Le classement du PNUD, comparé à celui qu’établit chaque année la Banque mondiale à partir du
revenu par tête, exprime le fait que le bien-être et le dénuement sont des variables relativement
indépendantes du PIB. La plupart des pays, en effet, montrent des niveaux relatifs de
développement humain sensiblement supérieurs ou inférieurs par rapport à leur niveau suivant le
PIB. Dans la perspective du développement humain, il n’y a pas de lien automatique entre la
croissance économique et le développement humain. Le même classement montre aussi qu’il est
possible d’atteindre des niveaux respectables de développement humain même avec des niveaux
modestes en matière de PIB si on y met la volonté politique et des politiques appropriées.

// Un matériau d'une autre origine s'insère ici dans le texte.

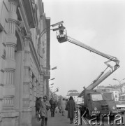 9.04.1984, Warszawa, Polska. Dźwignica na terenie budowy I linii metra w Warszawie, na odcinku wzdłuż al. Komisji Edukacji Narodowej. Fot. Edward Grochowicz, zbiory Ośrodka KARTA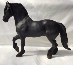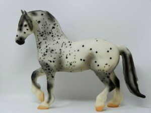 Matte black leopard appaloosa; white with black splash spots and grey shading; striped mane and tail; tan hooves; JCPenney SR - with Running Foal and Dalmation
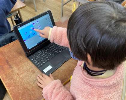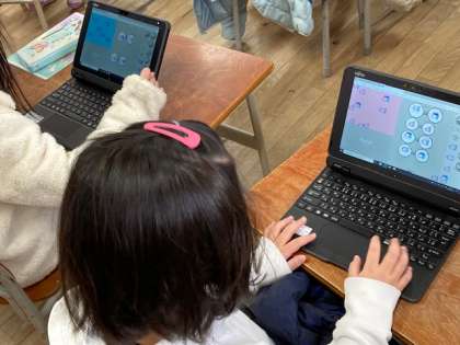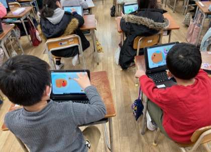 1年生が一人一台端末を活用して、ビスケットをしました。ICT教育アシスタントと担任で指導しました。魚の絵を描き、魚を動かすプログラミングをしました。子どもたちの覚えは早いです。

L’IDH permet une mesure plus adaptée des résultats réels de la croissance en fonction des
personnes et présente un panorama réaliste de la situation mondiale. Il montre, néanmoins, des
limites. Il faut rappeler que le concept de développement humain est plus riche que ce que peut
refléter l’IDH ou tout autre indicateur plus complexe. Tout d’abord, la composante « revenu » est
partielle et insuffisante vu qu’elle ne reflète pas l’accès réel aux ressources productives tels que la
terre ou le crédit qui sont, dans bien des pays, des variables clés par rapport à la pauvreté et
l’inégalité. Deuxièmement, les valeurs de l’IDH sont des moyennes nationales qui ne reflètent pas
les disparités de revenus selon le sexe, l’ethnie et la région. Pour cette raison, l’IDH général doit
être complété par des IDH partiels, corrigés par niveaux de revenus, sexe et lieu de résidence, même
si dans certains pays les données disponibles sont incomplètes.

Si nous regardons la condition de la femme, par exemple, on observe que tous les pays du monde
ont un IDH féminin inférieur au IDH pour l’ensemble de la population. Dans ce panorama de
discrimination généralisée de la femme, l’IDH de genre détermine sensiblement le classement
général. Les données concernant le revenu, le territoire et même l’ethnie montrent de similaires
déséquilibres. Aux Etats-Unis l’espérance de vie des hommes noirs est inférieur à la moyenne
mexicaine et celle des femmes blanches est la même qu’en Suisse.

L’IDH, enfin, intègre uniquement certains éléments parmi ceux qui constituent sa définition. Il est
hardi de mesurer, par exemple, la liberté humaine. En 1991, le Rapport du PNUD a essayé de
définir un indicateur de liberté humaine et un classement en la matière. Le questionnement de
certains régimes que cela comportait a soulevé une polémique qui a fait que le PNUD ne revient
plus sur la question dans les éditions postérieures de son rapport.